**Exercise instructions:** Beginning at the top of the data below, restate every line word for word until the line containing "- Precise Scales: The" has been included, and omit the pictures.

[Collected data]
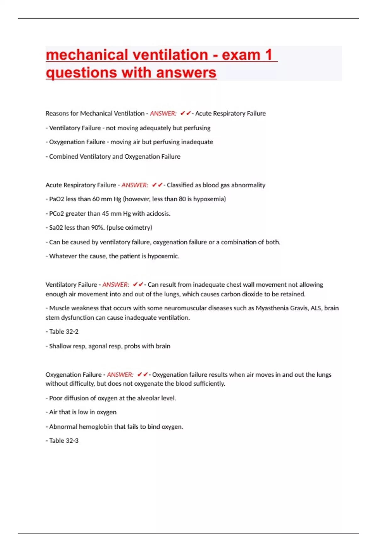 Reasons for Mechanical Ventilation - ANSWER: - Acute Respiratory Failure - Ventilatory Failure - not moving adequately but perfusing - Oxygenation Failure - moving air but perfusing inadequate - Combined Ventilatory and Oxygenation Failure Acute Respiratory Failure - ANSWER: - Classified as blood gas abnormality - PaO2 less than 60 mm Hg (however, less than 80 is hypoxemia) - PCo2 greater than 45 mm Hg with acidosis. - Sa02 less than 90%. (pulse oximetry) - Can be caused by ventilatory failure, oxygenation failure or a combination of both. - Whatever the cause, the patient is hypoxemic.
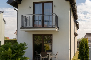 Każdy domek ma swoją częśc rekreacyjną na zewnątrz, a na niej grill. kpl wypoczynkowy i oczywiście parking.
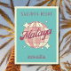 Malaga Spain Retro Vintage Design featuring a disco ball in pink, and apricot peach hues. This beautiful postcard is a perfect greeting card for Malaga residents, visitors, tourists or fans.
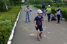 Балалар рәсем ясарга бик яраталар: кәгазьгә, пыялага, комга, суга, асфальтка... Ә бүген тырышып асфальтка рәсем ясадылар. Нинди рәсем генә юк монда: Кояш, яңгыр, салават күпере, таулар, агачлар, чәчәкләр, күбәләкләр... Ә Хазиахметов Рияз Казан Кремле һәм Сөембикә манарасын искиткеч итеп сурәткә төшерде!
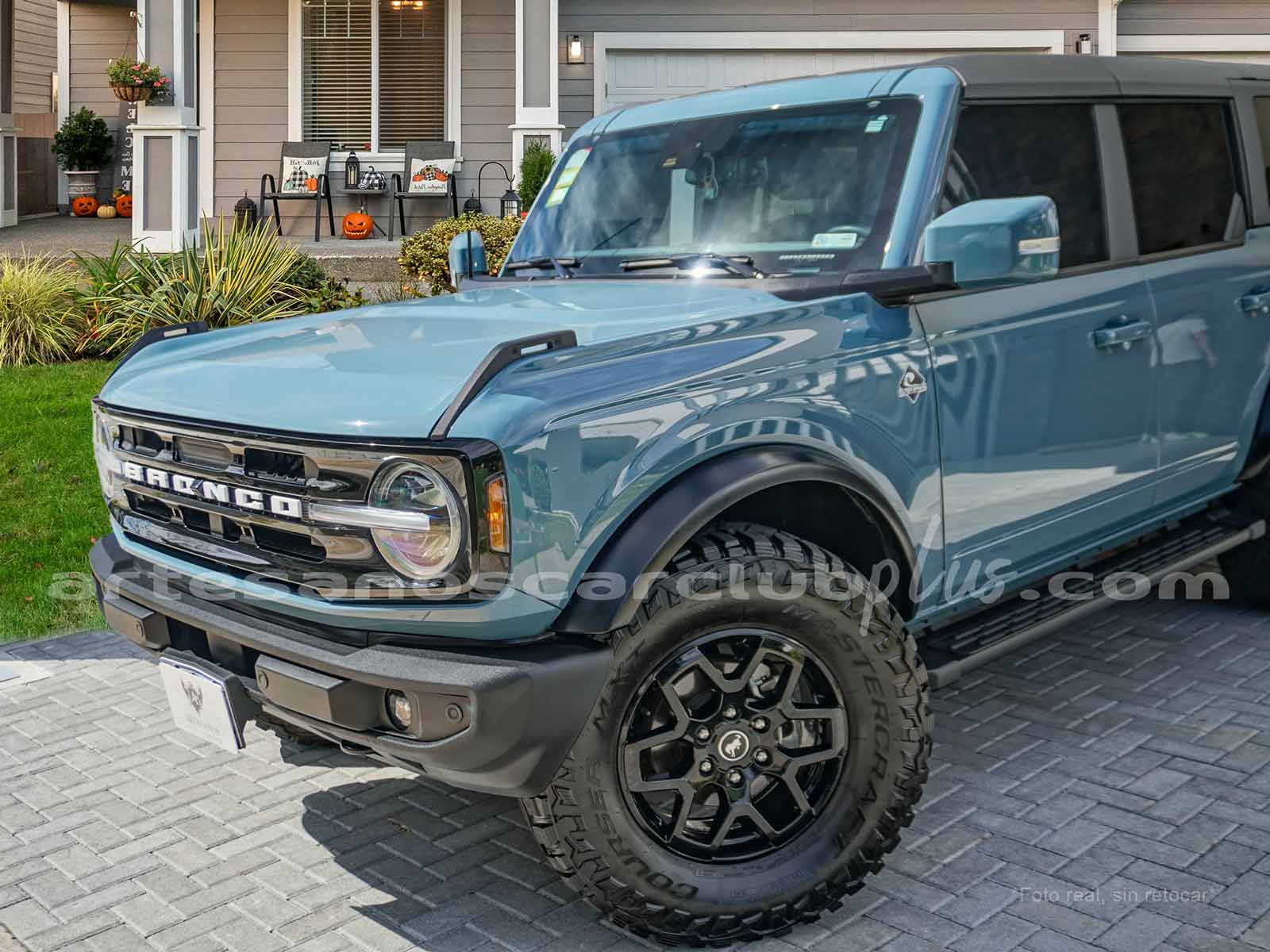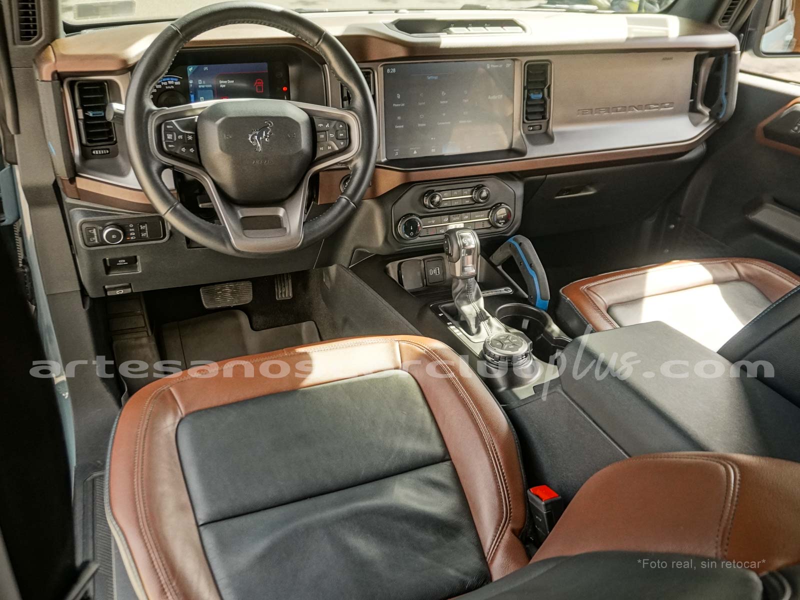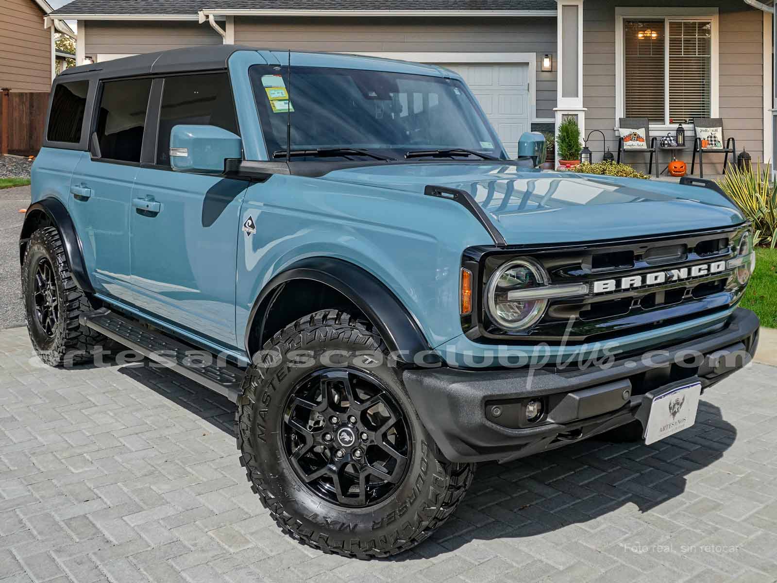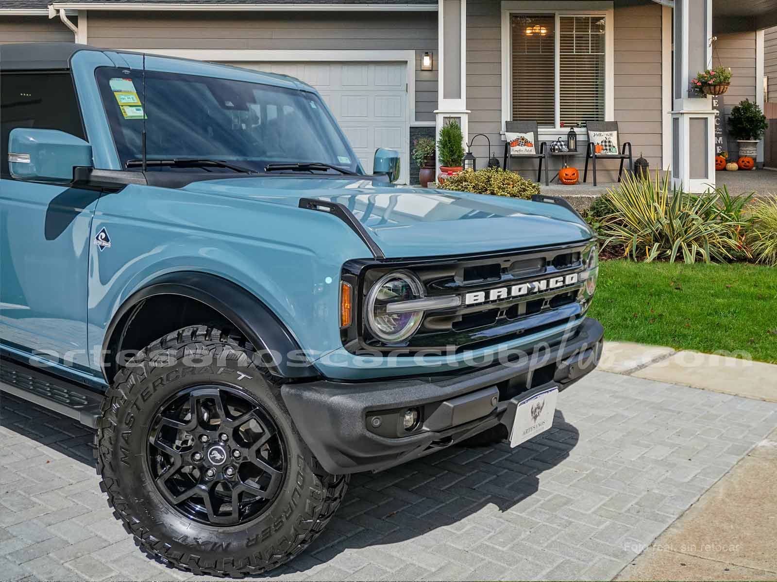 Parrilla frontal con marco negro y malla negra con inscripción de gran formato BRONCO.
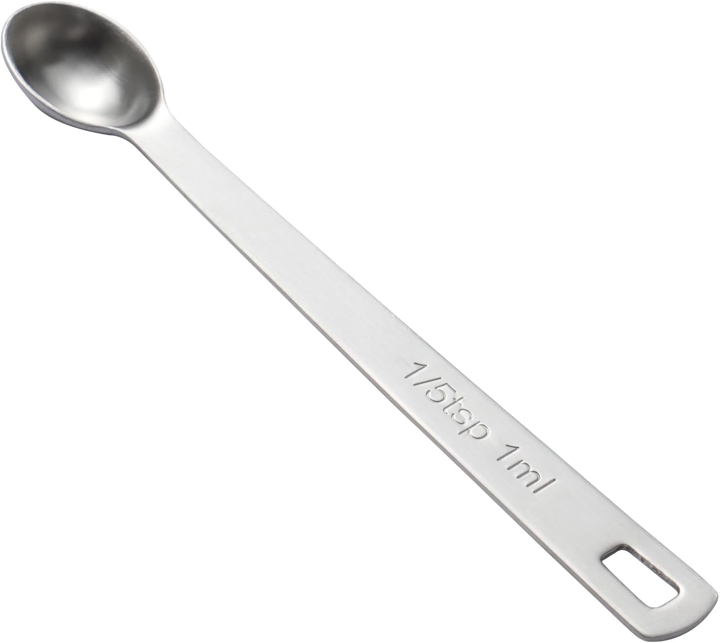 - Precise Scales: The measuring spoon is so precise that it can be the perfect partner for your cooking. The one eighth teaspoon has a clear scale on the handle. ⬤1/5 Teaspoon | 1 ml
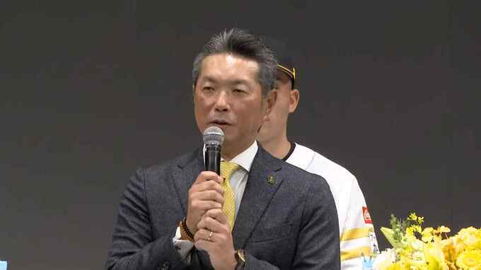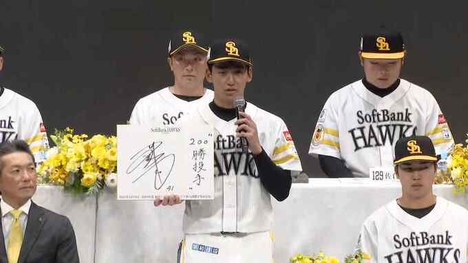 E・ZOFUKUOKAで行われた新入団選手の発表会見。真新しいユニホームを身にまとったルーキーたちを小久保監督がひとりひとり握手をして出迎えました。ドラフト1位、前田悠伍投手の背番号は千賀投手も背負った、41に決まりました。

**Exercise answer:**
 Reasons for Mechanical Ventilation - ANSWER: - Acute Respiratory Failure - Ventilatory Failure - not moving adequately but perfusing - Oxygenation Failure - moving air but perfusing inadequate - Combined Ventilatory and Oxygenation Failure Acute Respiratory Failure - ANSWER: - Classified as blood gas abnormality - PaO2 less than 60 mm Hg (however, less than 80 is hypoxemia) - PCo2 greater than 45 mm Hg with acidosis. - Sa02 less than 90%. (pulse oximetry) - Can be caused by ventilatory failure, oxygenation failure or a combination of both. - Whatever the cause, the patient is hypoxemic.
 Każdy domek ma swoją częśc rekreacyjną na zewnątrz, a na niej grill. kpl wypoczynkowy i oczywiście parking.
 Malaga Spain Retro Vintage Design featuring a disco ball in pink, and apricot peach hues. This beautiful postcard is a perfect greeting card for Malaga residents, visitors, tourists or fans.
 Балалар рәсем ясарга бик яраталар: кәгазьгә, пыялага, комга, суга, асфальтка... Ә бүген тырышып асфальтка рәсем ясадылар. Нинди рәсем генә юк монда: Кояш, яңгыр, салават күпере, таулар, агачлар, чәчәкләр, күбәләкләр... Ә Хазиахметов Рияз Казан Кремле һәм Сөембикә манарасын искиткеч итеп сурәткә төшерде!
 Parrilla frontal con marco negro y malla negra con inscripción de gran formato BRONCO.
 - Precise Scales: The measuring spoon is so precise that it can be the perfect partner for your cooking. The one eighth teaspoon has a clear scale on the handle. ⬤1/5 Teaspoon | 1 ml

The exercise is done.